*** Opening Dataset records ***
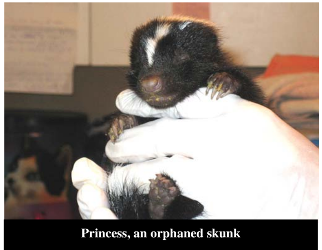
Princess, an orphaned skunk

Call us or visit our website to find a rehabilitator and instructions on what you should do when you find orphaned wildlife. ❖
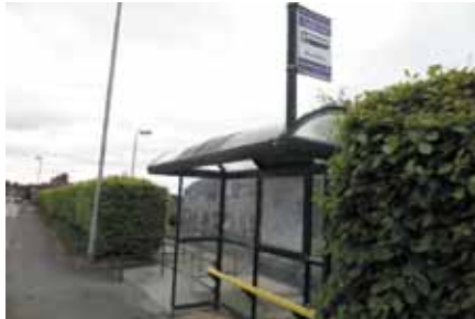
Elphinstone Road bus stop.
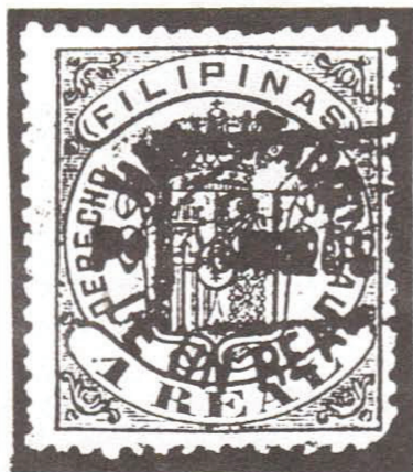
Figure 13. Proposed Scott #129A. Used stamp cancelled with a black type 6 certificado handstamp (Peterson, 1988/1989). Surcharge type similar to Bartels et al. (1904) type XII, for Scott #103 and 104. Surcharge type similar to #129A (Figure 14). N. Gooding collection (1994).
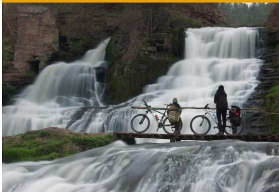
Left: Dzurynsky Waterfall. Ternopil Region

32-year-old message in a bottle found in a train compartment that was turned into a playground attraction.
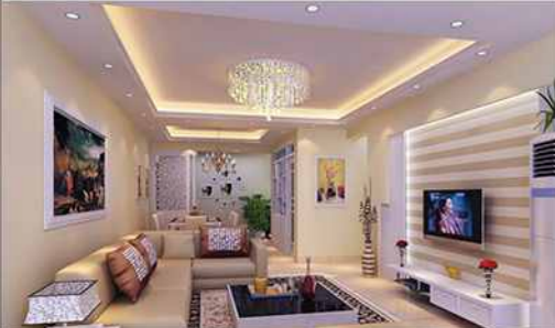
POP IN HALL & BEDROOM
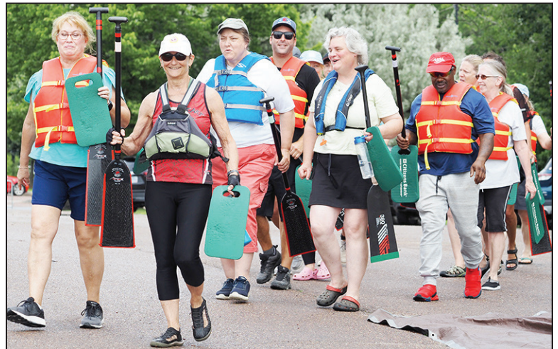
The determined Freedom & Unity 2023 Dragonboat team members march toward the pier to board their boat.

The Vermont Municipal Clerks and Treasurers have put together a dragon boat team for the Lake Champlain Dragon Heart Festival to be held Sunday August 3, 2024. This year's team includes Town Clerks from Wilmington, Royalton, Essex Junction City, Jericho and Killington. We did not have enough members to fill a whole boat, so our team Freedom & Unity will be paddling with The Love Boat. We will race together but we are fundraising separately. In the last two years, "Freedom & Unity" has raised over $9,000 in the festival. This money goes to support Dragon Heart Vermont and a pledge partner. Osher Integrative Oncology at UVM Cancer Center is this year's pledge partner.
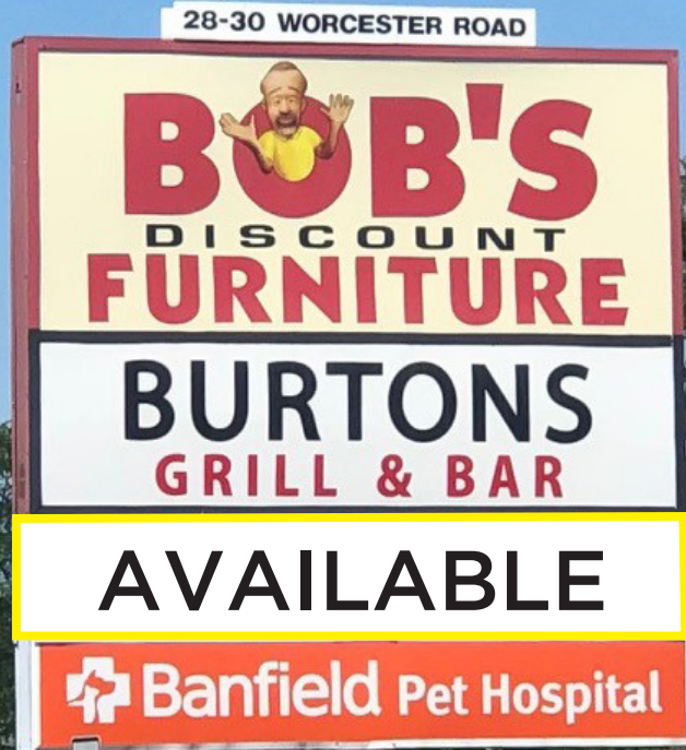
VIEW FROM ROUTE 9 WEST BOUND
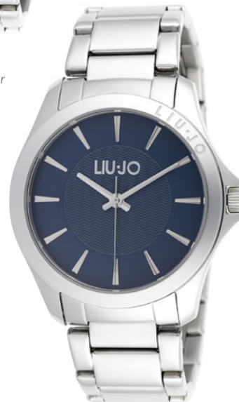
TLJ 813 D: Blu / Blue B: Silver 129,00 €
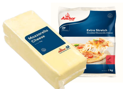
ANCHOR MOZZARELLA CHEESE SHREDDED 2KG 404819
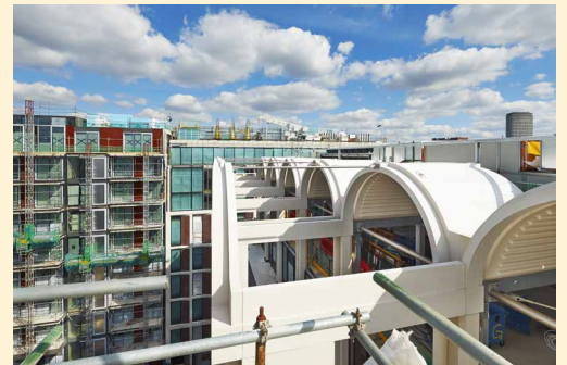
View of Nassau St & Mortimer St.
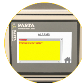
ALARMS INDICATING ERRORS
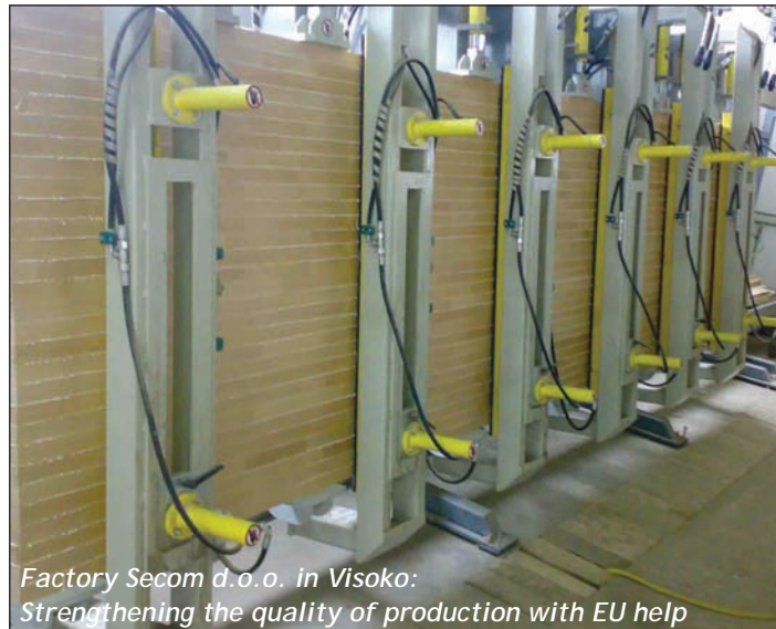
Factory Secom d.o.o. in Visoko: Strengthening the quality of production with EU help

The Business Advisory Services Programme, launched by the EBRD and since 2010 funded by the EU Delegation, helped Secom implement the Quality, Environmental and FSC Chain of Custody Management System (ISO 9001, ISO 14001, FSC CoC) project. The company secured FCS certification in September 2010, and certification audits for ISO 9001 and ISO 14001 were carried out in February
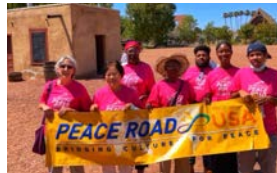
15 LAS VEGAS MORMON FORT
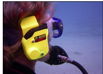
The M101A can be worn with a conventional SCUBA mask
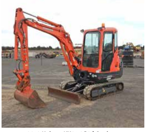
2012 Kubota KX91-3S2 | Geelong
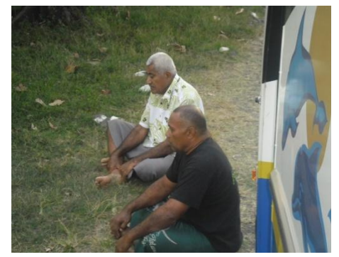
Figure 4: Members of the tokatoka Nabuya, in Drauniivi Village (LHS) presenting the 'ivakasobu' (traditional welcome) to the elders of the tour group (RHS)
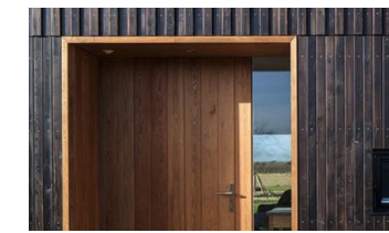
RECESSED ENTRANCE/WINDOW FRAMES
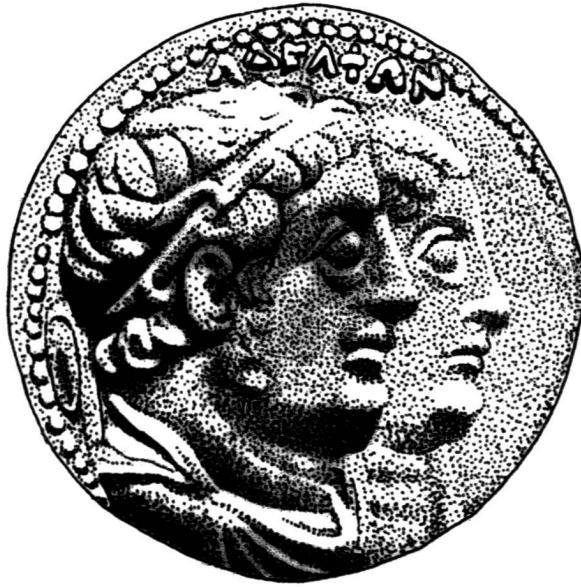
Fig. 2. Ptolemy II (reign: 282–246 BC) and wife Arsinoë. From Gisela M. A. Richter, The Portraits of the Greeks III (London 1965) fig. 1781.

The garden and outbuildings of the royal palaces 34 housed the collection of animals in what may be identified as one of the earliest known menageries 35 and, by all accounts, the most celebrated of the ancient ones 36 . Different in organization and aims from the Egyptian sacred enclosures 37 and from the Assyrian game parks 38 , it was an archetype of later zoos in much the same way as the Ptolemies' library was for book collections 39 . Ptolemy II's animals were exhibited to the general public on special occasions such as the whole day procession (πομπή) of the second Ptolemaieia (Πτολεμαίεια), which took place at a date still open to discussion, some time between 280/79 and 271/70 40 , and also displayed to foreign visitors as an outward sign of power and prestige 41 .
*** Closing Dataset records ***
• **Assignment**:
Search the material for the word "team" and copy every matching line.

• **Exercise output**:
The determined Freedom & Unity 2023 Dragonboat team members march toward the pier to board their boat.
The Vermont Municipal Clerks and Treasurers have put together a dragon boat team for the Lake Champlain Dragon Heart Festival to be held Sunday August 3, 2024. This year's team includes Town Clerks from Wilmington, Royalton, Essex Junction City, Jericho and Killington. We did not have enough members to fill a whole boat, so our team Freedom & Unity will be paddling with The Love Boat. We will race together but we are fundraising separately. In the last two years, "Freedom & Unity" has raised over $9,000 in the festival. This money goes to support Dragon Heart Vermont and a pledge partner. Osher Integrative Oncology at UVM Cancer Center is this year's pledge partner.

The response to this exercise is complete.